# Series/parallel dual motor control



## Tesseract (Sep 27, 2008)

toddshotrods said:


> Does running two series-wound motors, as most of the drag racers are doing, require a special controller?


I assume - though you did not actually say - that you want to switch between the series and parallel configuration, since nothing special is required if the two motors are permanently wired in series or parallel (though some controllers will complain, often through the untimely release of their magic smoke, at the low inductance of the parallel configuration).

The short answer is that nothing special - except for three contactors (rated for the full motor current) - is needed to switch between series and parallel. 

Many drag racers do this manually - that is, they select the contactor configuration with a toggle or pushbutton switch - rather than rely on the automatic s/p switching in, say, the Zilla. I don't know why, as it seems the Zilla - at least - does a very good job of deciding when to switch from series to parallel. Note, however, I have never seen how (or even if) it decides to switch back to series mode again, and that is a far more difficult decision to make. 



toddshotrods said:


> Is a special controller required to do this? We know Zillas can do it, but can Soliton 1; will Soliton Jr be able to? Can you use any old series controller and reversing-type contactors (say a cheapo Alltrax)? What features are necessary in the controller if so?
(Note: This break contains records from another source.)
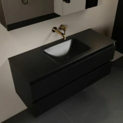De wastafel is gemaakt van solid surface, duurzaam materiaal met een matte uitstraling wat zorgt voor een luxe look. Solid surface is vlekwerend, vochtbestendig én hygiënisch. Dit materiaal heeft namelijk geen poriën waar vuil zich in kan nestelen, wat het schoonmaken ook een stuk eenvoudig maakt. Een ander pluspunt aan solid surface is dat eventuele kleine krasjes weg te schuren zijn. Kort gezegd is een wastafel van solid surface er dus eentje waar je jarenlang van kan genieten!
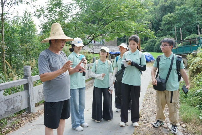 圖為團(tuán)隊(duì)成員向村民了解古道歷史
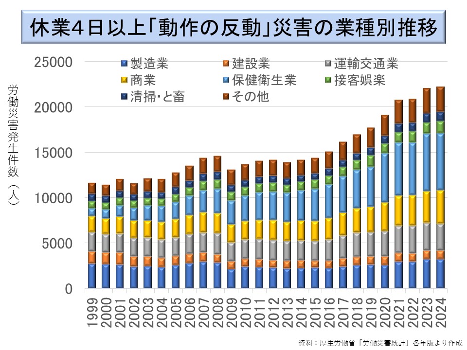 とりわけ増加の著しいのが保健衛生業である。発生件数が多いのは、病院(2024年:1,153 件)ではなく社会福祉施設(同:4,802 件)である。被介護者を移動するときなどに被災するケースが多い。
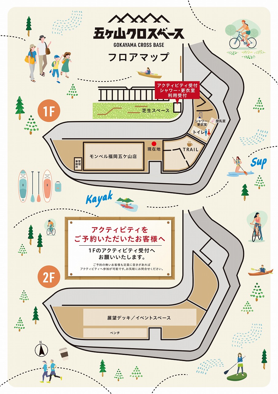 こうした湖面アクティビティーを軸とした取り組みの背景には、これまで那珂川市とアウトドアメーカー・モンベルによって進められてきた施設整備とエリアづくりがある。両者は2017年に包括連携協定を締結し、自然環境の保全とアウトドア活動を通じた地域振興を推進。2019年にはキャンプ場「モンベル五ケ山ベースキャンプ」と、ショップやレストランを備えた「五ケ山クロスベース」を整備し、都市近郊型アウトドア拠点としての基盤を築いてきた。
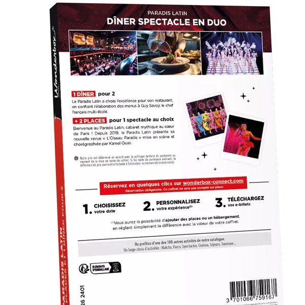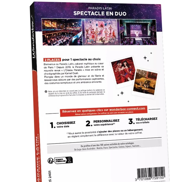 Choisissez entre spectacle seul ou dîner-spectacle et adaptez l’expérience à vos envies. Grâce à la flexibilité de Wonderbox Connect, vous pouvez planifier votre instant magique dans ce lieu emblématique de Paris en toute simplicité.
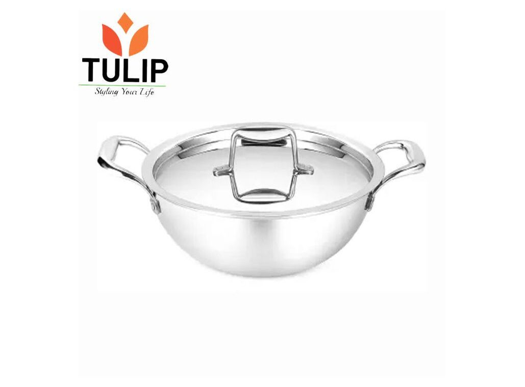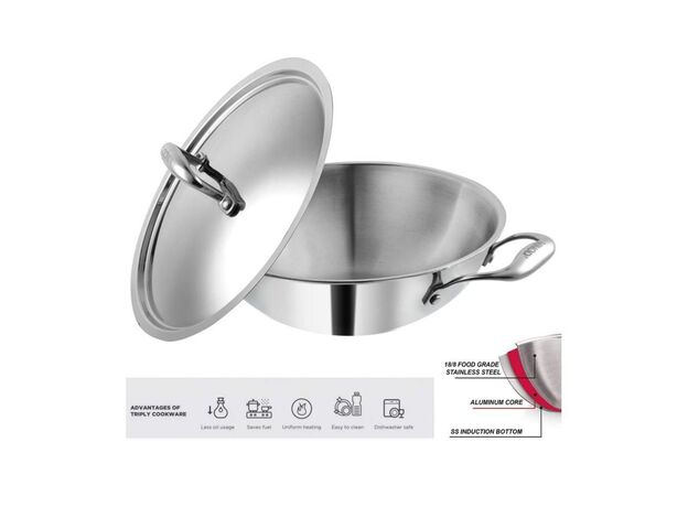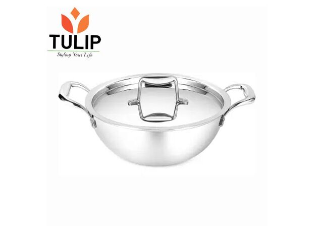 Tulip Triply Stainless Steel Kadhai with Lid - 24cm
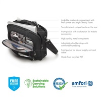 Characteristics • Made of 11 recycled PET bottles • Lockable and cushioned notebook compartment with High-Density Foam (HDF) and reinforced frame • Adjustable notebook strap with fitall system • Padded slip pocket (Nylex material) for tablets up to 12.9" • Front compartment with zip-pocket and workstation for mobile accessories • Additional zip pocket for power supply unit and cable • Two document compartments at the rear • Riveted comfortable carry handle
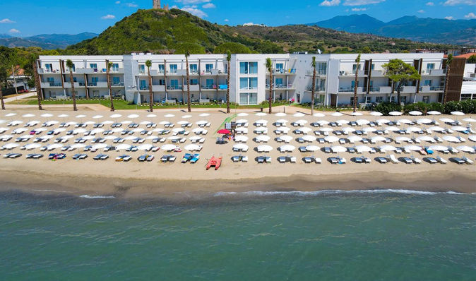 Direttamente sul mare, spiaggia di sabbia fine, attrezzata. Servizio spiaggia incluso nella Club Card (1 ombrellone + 2 lettini a camera) a partire dalla 2° fila.
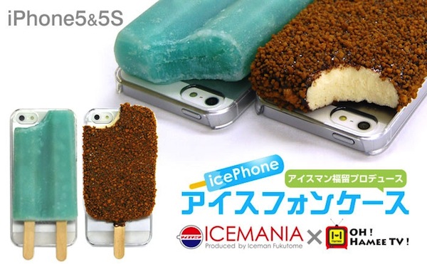 同製品は、年間1000本以上のアイスを食すアイス評論家・アイスマン福留さんがプロデューサーとして監修した、iPhone 5s/5用ケース。「かじりソーダアイス」と「かじりクランチアイス」の2種を用意しており、ソーダアイスのかじり口は氷菓アイス独特の霜柱状を、クランチアイスはクリーム系のラクトアイス特有のサクっとしたかじり口を忠実に再現しているという。
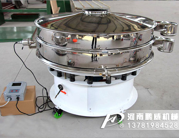 鵬威機械生產的超聲波振動篩是將220v、50HZ或110v、60HZ電能轉化為38KHZ的高頻電能,輸入超聲換能器,將其變成38KHZ機械振動,從而達到高效篩分和清網的目的。改系統在傳統的振動篩基礎上再篩網上引入一個低振幅、高頻率的超聲波振動波(機械波)在篩網上面疊加一個高頻率低振幅的超聲振動儀,超微細粉體接受巨大的超聲加速度,使篩面上的物料始終保持懸浮狀態,從而抑制粘附、摩擦、平降、等堵網因素。解決了強吸附性、易團聚、高靜電、高精細、高密度、輕比重等篩分難題,使超細微粉篩分不再難事,特別適合高品質、精細粉體的用戶使用。
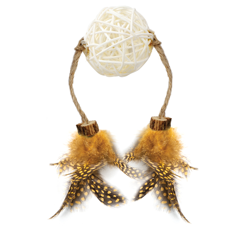 75438 Игрушка для кошек Плетеный мячик с колокольчиком и перьями 13см, серия CATCH & SCRATCH ECO
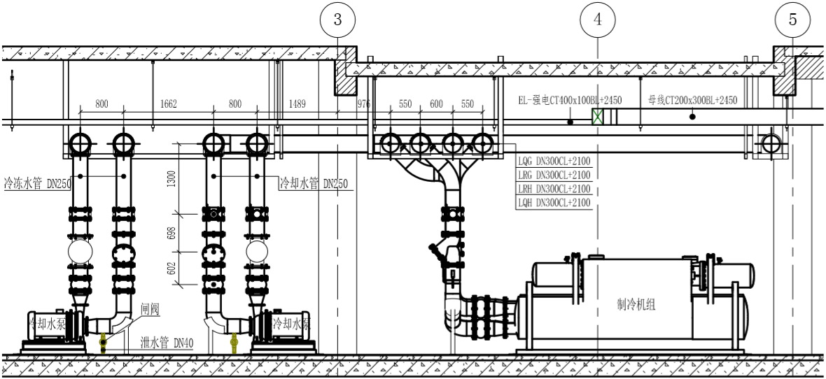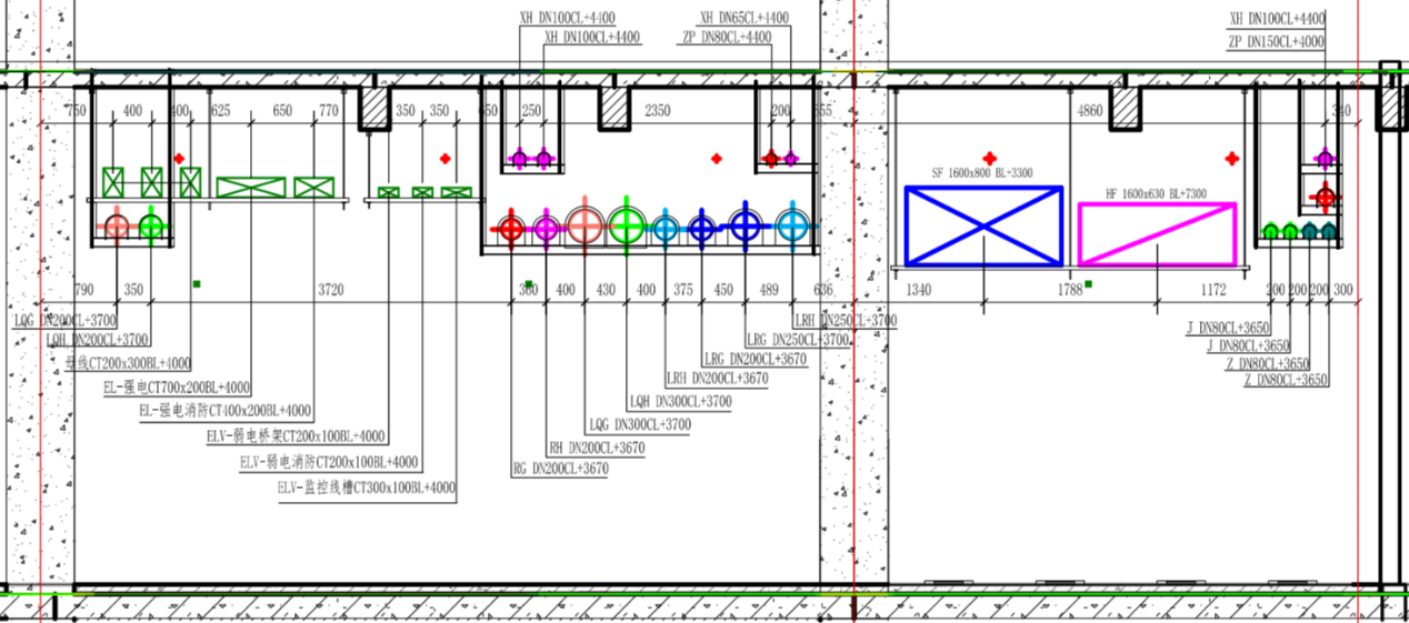 地下室機電管線的特點為,系統(tǒng)復(fù)雜,各各系統(tǒng)的主干管線在本層都有。管線不同系統(tǒng)之間交叉,同一系統(tǒng)之間互相交叉比較嚴(yán)重。局部復(fù)式停車位凈高要求較高,管線只能在車道上方布置。首先對所有的機電管線進行系統(tǒng)的分類,對同一類型路由差不多的管道盡量綜合在一起。我們把給排水的有壓管道綜合在一起,去往不用區(qū)域的橋架分兩排布置,空調(diào)風(fēng)與空調(diào)水同路由綜合在一起,這樣使得在車道上方的管線更加的規(guī)矩合理,避免互相交叉,施工方便。

1. No, unless you want the s/p switching done automatically.

2. Not yet but it is a planned addition. Not too many people that have actually bought a Soliton1 have asked when this will feature be implemented, though, which is why it keeps getting pushed down the priority list... 

3. There's no reason why Jr. couldn't do s/p switching, and perhaps there is more of a benefit in doing so with a smaller controller?

4. Yes, see above - you just need to know what motor current is doing. It would be nice if the throttle signal was automatically suppressed for a couple hundred milliseconds while the contactors change state, but you could always let up off the pedal yourself while "shifting" - something you no doubt are already quite capable of doing 

As for what you need... technically, it can be done with just three SPST-NO contactors(e.g. - Tyco EV200) and a SPDT relay to control them (and a pushbutton or toggle switch to control it). You could also do this with two SPDT contactors, or one DPDT (reversing) contactor. Note, however, that some (not all) of the contactors will need to be rated for the full controller output current.


----------



## toddshotrods (Feb 10, 2009)

Tesseract said:


> I assume - though you did not actually say - that you want to switch between the series and parallel configuration...


Yup. 




Tesseract said:


> 3. There's no reason why Jr. couldn't do s/p switching, and perhaps there is more of a benefit in doing so with a smaller controller?...


That's the totally aweosme answer I was really hoping for. I don't plan to race this bike, and would prefer to use a (physically) smaller controller. I just figured the series/parallel switch would make it more interesting and fun to ride than say a single motor.




Tesseract said:


> 4. Yes, see above - you just need to know what motor current is doing. It would be nice if the throttle signal was automatically suppressed for a couple hundred milliseconds while the contactors change state, but you could always let up off the pedal yourself while "shifting" - something you no doubt are already quite capable of doing


We used micro-switches on the bikes for the electric shifters. It's a small pressure switch that goes on the actual shifter and kills the motor for a fraction of a second, while you're pulling up on the lever, and allows it to slip into the next gear without using the clutch. The air shifters use an electronic control unit that you can program to kill the motor for a specified amount of time while the air cylinder is pushing on the shift lever. One of those two would work - preferrably the manual pressure switch to keep costs down as this would be a temporary fix until I could upgrade to Jr. Could even put an actual foot "shift" lever on it! 





Tesseract said:


> ...The short answer is that nothing special - except for three contactors (rated for the full motor current) - is needed to switch between series and parallel.
> 
> Many drag racers do this manually - that is, they select the contactor configuration with a toggle or pushbutton switch...
> 
> As for what you need... technically, it can be done with just three SPST-NO contactors(e.g. - Tyco EV200) and a SPDT relay to control them (and a pushbutton or toggle switch to control it). You could also do this with two SPDT contactors, or one DPDT (reversing) contactor. Note, however, that some (not all) of the contactors will need to be rated for the full controller output current.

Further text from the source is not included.